:: INSTRUCTIONS TO FOLLOW ::
Look in the data below for the line that has "Dom jednorodzinny parterowy, z", then print exactly every line from there through the line that has "为履行为党育人的根本任务,推", leaving pictures out.

══ PROVIDED MATERIAL

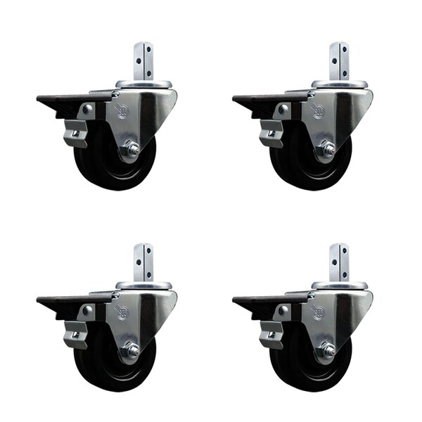 3'' Phenolic Wheel Swivel 3/4'' Square Stem Caster Set with Brake, 4PK
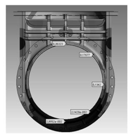 From the deformation cloud picture of the valve body, the deformation trend of the valve body's sealing surface is that the bottom deformation is the smallest, and the deformation gradually increases along the sealing surface. The maximum deformation on the sealing surface is 0.363 mm, and the minimum deformation is about 0.030 mm; the deformation in the middle is about 0.134 mm. The calculation results of the finite element conform to the actual working conditions of the valve body. When the deformation at the sealing surface of the valve body is greater than 0.001DN, the valve will leak due to excessive deformation of the valve body, because the maximum deformation of the valve body's sealing surface is less than 0.001 DN. Therefore, the valve body's structural design is reasonable.
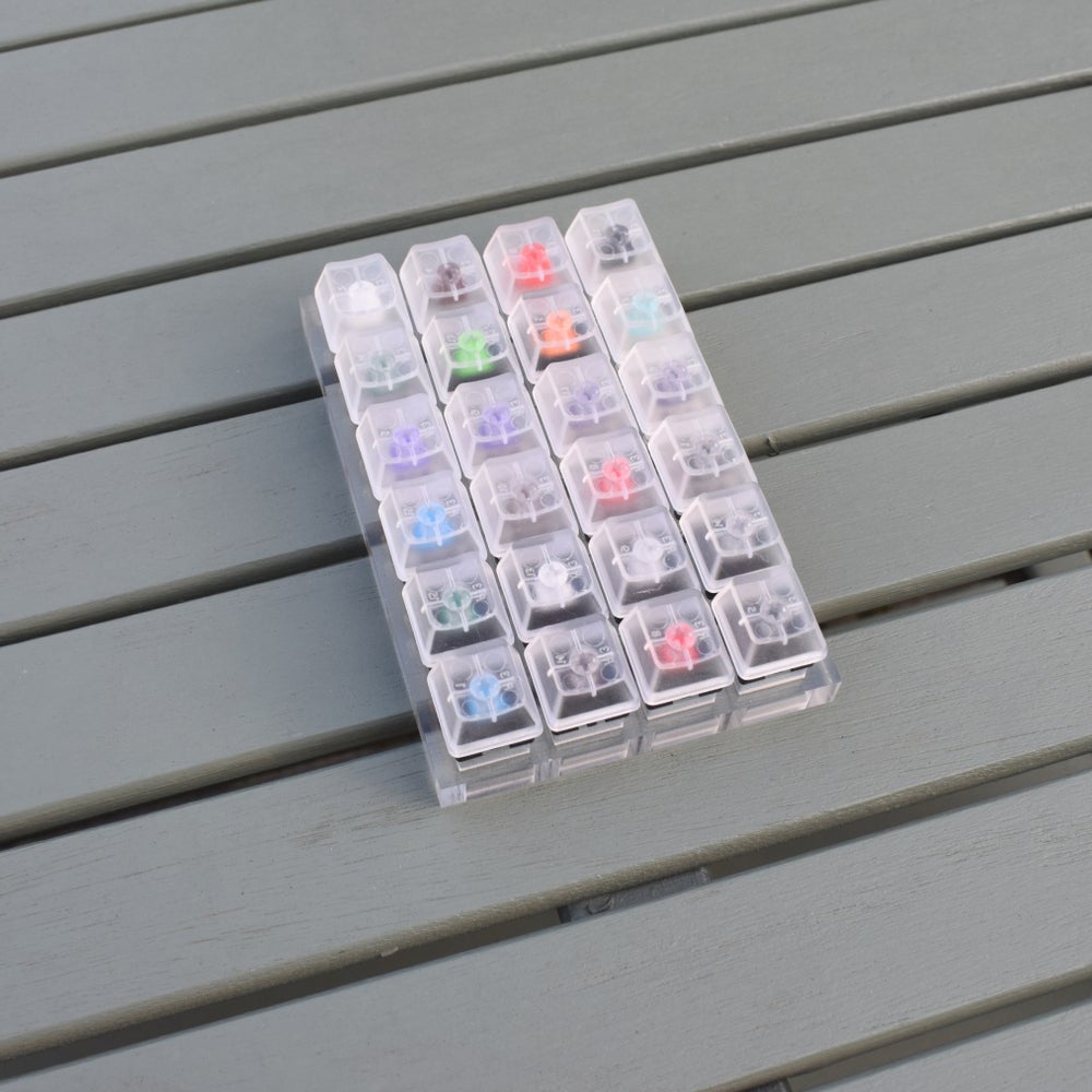 The plate of the tester is a single block of acrylic which provides a firm base. The switch tester includes translucent keycaps, so that you can see which switch you are testing during use.
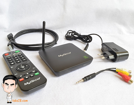 Android Kitkat 4.4, Memory 8Gb, RAM 1Gb, Wifi 802.11 b/g/n antena external, 2 slot USB, Lan Port, micro SD up to 32Gb, RCA Out.
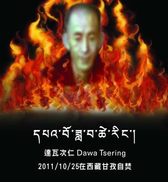 11、达瓦次仁:康区(今四川省甘孜藏族自治州)甘孜县甘孜寺僧人,38岁。于2011年10月25日在甘孜寺举办“羌姆”法会时点火自焚,并高呼“让达赖喇嘛返回西藏”、”西藏没有人权”等口号。他被藏人僧俗扑灭火焰并送医院抢救,后又送回寺院,伤势严重。
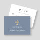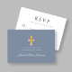 Dusty Blue Religious Cross Boy First Communion RSVP Card
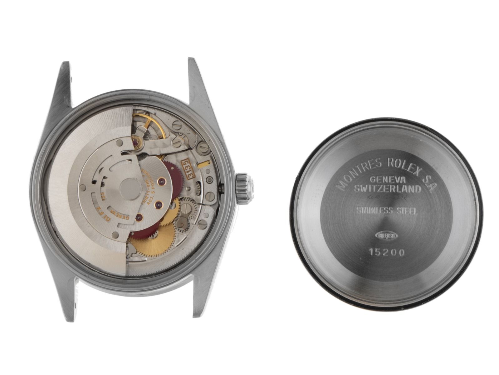 Boîtier en acier poli et satiné, diamètre du boîtier sans couronne 34mm, hauteur du boîtier 12,0mm. Lunette en acier cannelée. Bracelet Oyster en acier poli et satiné, boucle déployante en acier avec logo du fabricant. Cadran blanc avec index en or blanc appliqués, chiffres romains noirs et aiguilles en or blanc. Mouvement automatique, chronomètre, calibre de manufacture Rolex 3135 avec 31 pierres précieuses. Affichage des heures, minutes et secondes par aiguilles centrales avec stop-seconde pour un réglage précis de l'heure, affichage de la date avec réglage rapide sous loupe à 3 heures. Verre saphir résistant aux rayures. Couronne vissée avec logo du fabricant. Fond en acier vissé. Poids de la montre avec bracelet 92g, longueur du bracelet avec boîtier 180mm. Numéro de référence : 15200, numéro de boîtier : W638XXX, ID : P202969721225H-8500, numéro d'article : 10000083559. Avec contrôle de marche et révision extérieure complète de décembre 2025. Boîte Rolex originale avec carton d'emballage et description, livret de traduction, étui en cuir, sceau de chronomètre Rolex et rapport de service ainsi que carte de novembre 2012, ainsi qu'un extrait du registre des montres de décembre 2025, certificat The Watch Register / sans inscription (base de données internationale pour montres perdues ou volées). Investissement avec potentiel d'appréciation, "exécution rare". Très bon état. Délai de livraison immédiat.
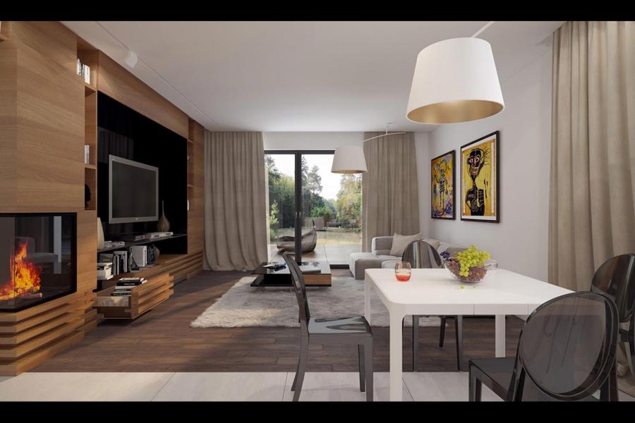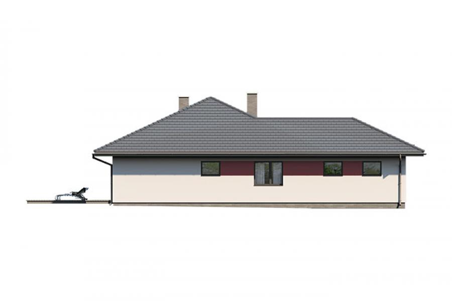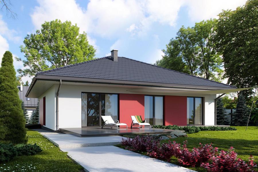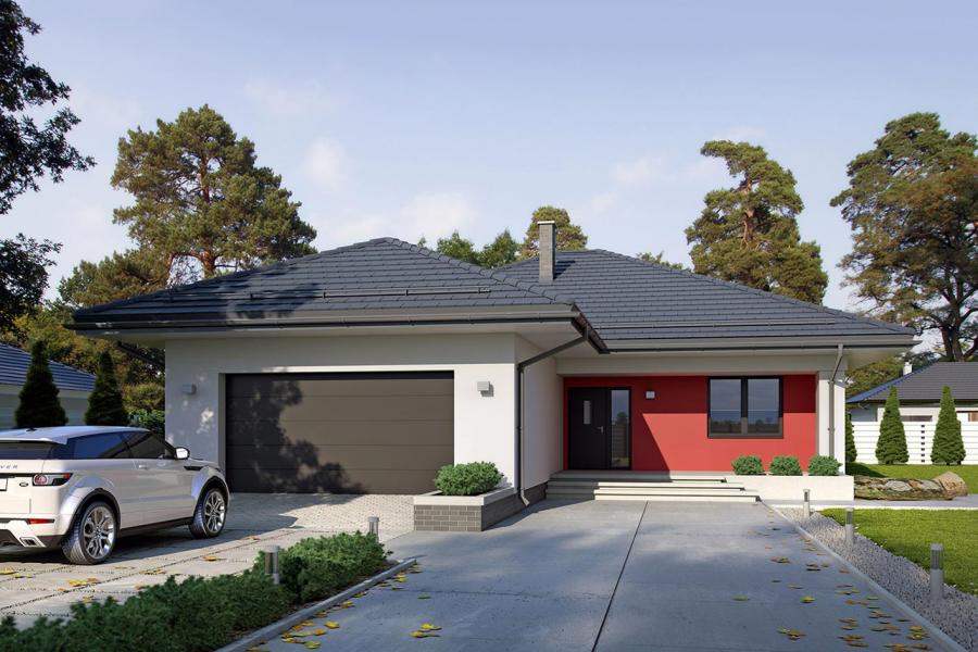 Dom jednorodzinny parterowy, z nieużytkowym poodaszem, z garażem dwustanowiskowym. Prosty i funkcjonalny. Duży salon z jadalnią posiada bezpośrednie wyjście na taras. Kuchnia jest otwarta na salon, można ją jednak bez problemu wydzielić i zamknąć. Dom ten posiada dużo dodatkowego miejsca na szafy i schowki oraz dużą kotłownię dostępną z wiatrołapu. Dwie z trzech sypialni mają własne wyjścia na taras. Wejście do domu jest przez praktyczny podcień chroniący przed deszczem i słońcem.
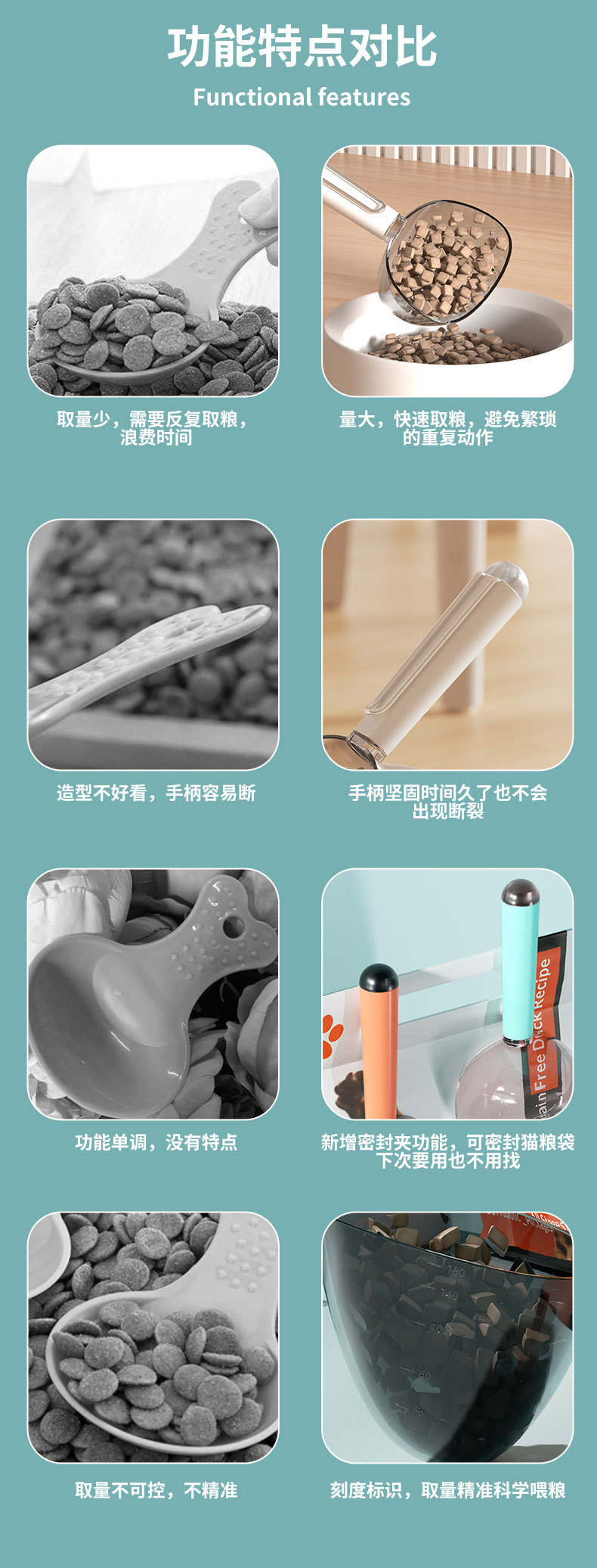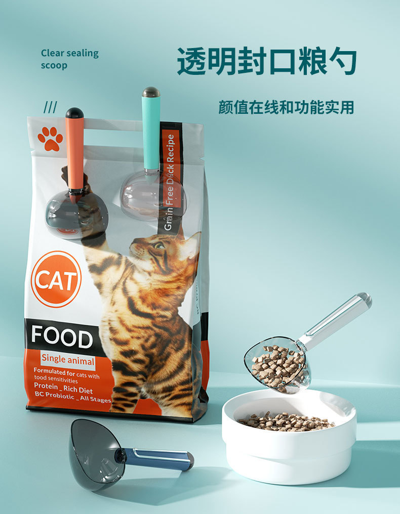 宠物粮食计量勺带刻度多功能长柄猫狗粮勺封口夹子计量杯食物铲
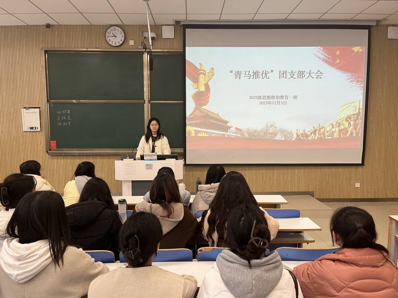 为履行为党育人的根本任务,推进党的事业薪火相传,12月5日上午,太阳集团tyc59972022级思想政治教育一班在社科楼515教室召开“青马推优”团支部大会。我院2022级思想政治教育一班全体同学共同参与本次大会,大会由团支书李佳茹主持。
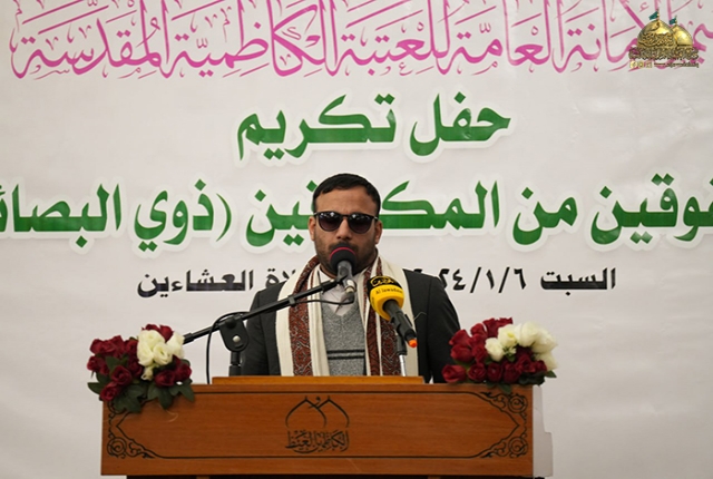 ومن هذا المكان المقدس، مرقد الإمامين الجوادين "عليهما السلام" نشكر كل من ساهمت يده في تأسيس وإنجاح هذا الحفل المبارك، كما ندعو جميع المؤسسات إلى الاهتمام بشريحة المكفوفين، وتأمين الحياة الكريمة لهم).
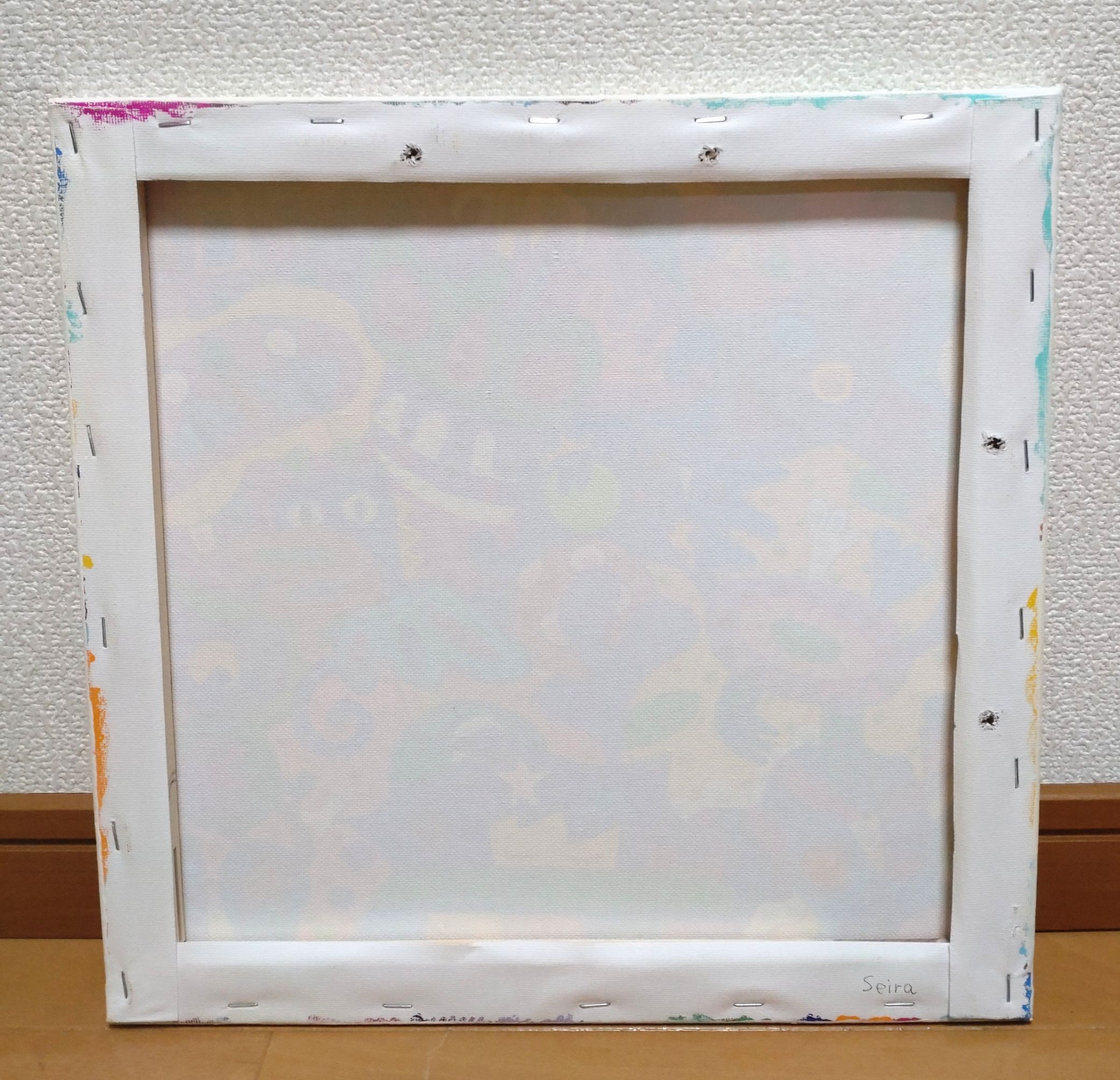 キャンバスのうしろに紐がついておりません。ピンにひっかけていただくと簡単&すぐに展示していただけます。(ふちの部分も色を塗っているので、そのまま飾ることができます。)
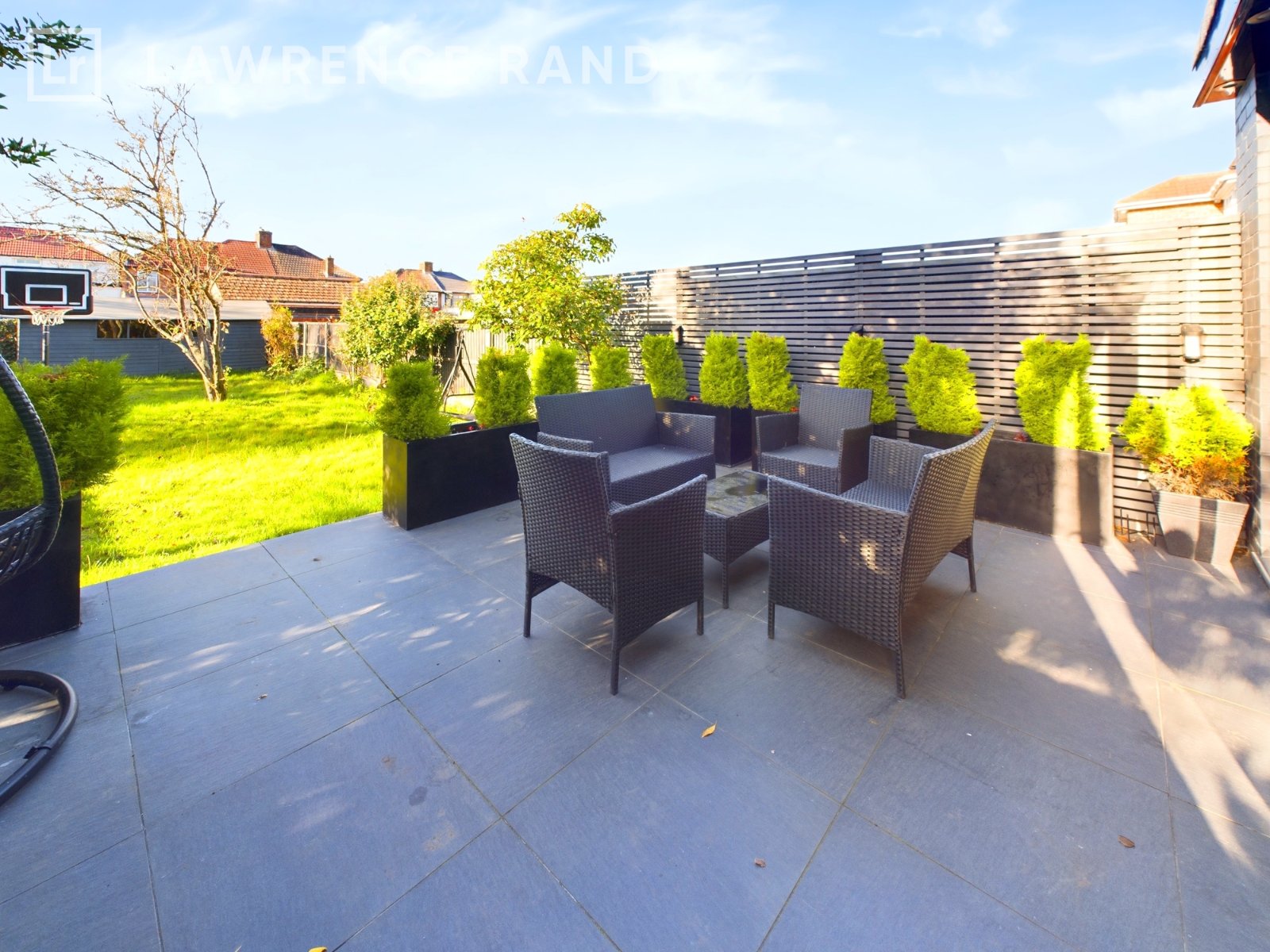 Outside the SW facing rear garden is part paved with steps leading down to a lawned area and a large wooden storage shed to the rear. The front of the property is neatly paved provided off street parking for two large cars.
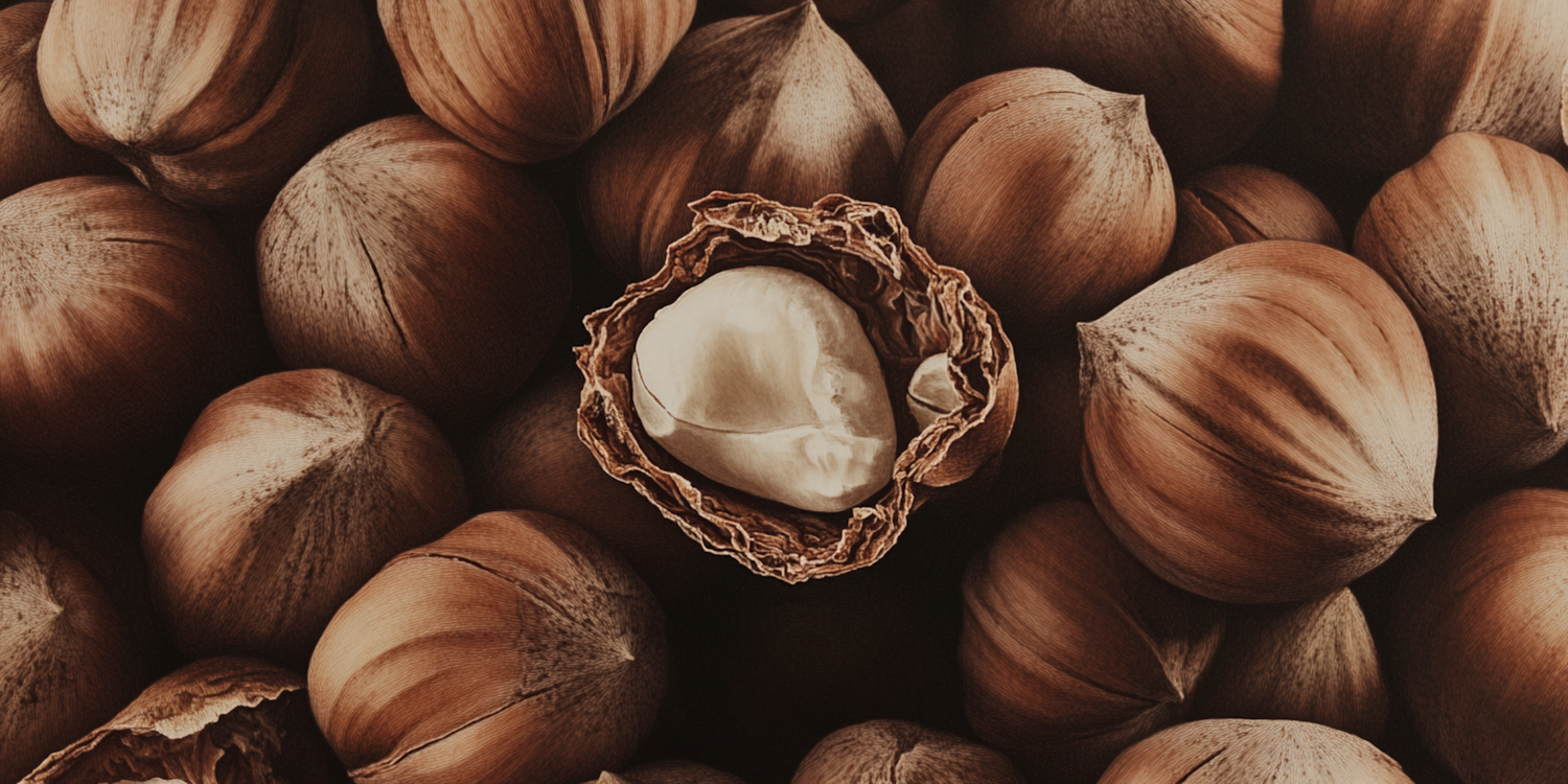 Close-up of hazelnuts with one cracked open, revealing its creamy kernel. Warm tones and textures create a natural, earthy aesthetic.

════

:: SOLUTION TO THIS TASK ::
 Dom jednorodzinny parterowy, z nieużytkowym poodaszem, z garażem dwustanowiskowym. Prosty i funkcjonalny. Duży salon z jadalnią posiada bezpośrednie wyjście na taras. Kuchnia jest otwarta na salon, można ją jednak bez problemu wydzielić i zamknąć. Dom ten posiada dużo dodatkowego miejsca na szafy i schowki oraz dużą kotłownię dostępną z wiatrołapu. Dwie z trzech sypialni mają własne wyjścia na taras. Wejście do domu jest przez praktyczny podcień chroniący przed deszczem i słońcem.
 宠物粮食计量勺带刻度多功能长柄猫狗粮勺封口夹子计量杯食物铲
 为履行为党育人的根本任务,推进党的事业薪火相传,12月5日上午,太阳集团tyc59972022级思想政治教育一班在社科楼515教室召开“青马推优”团支部大会。我院2022级思想政治教育一班全体同学共同参与本次大会,大会由团支书李佳茹主持。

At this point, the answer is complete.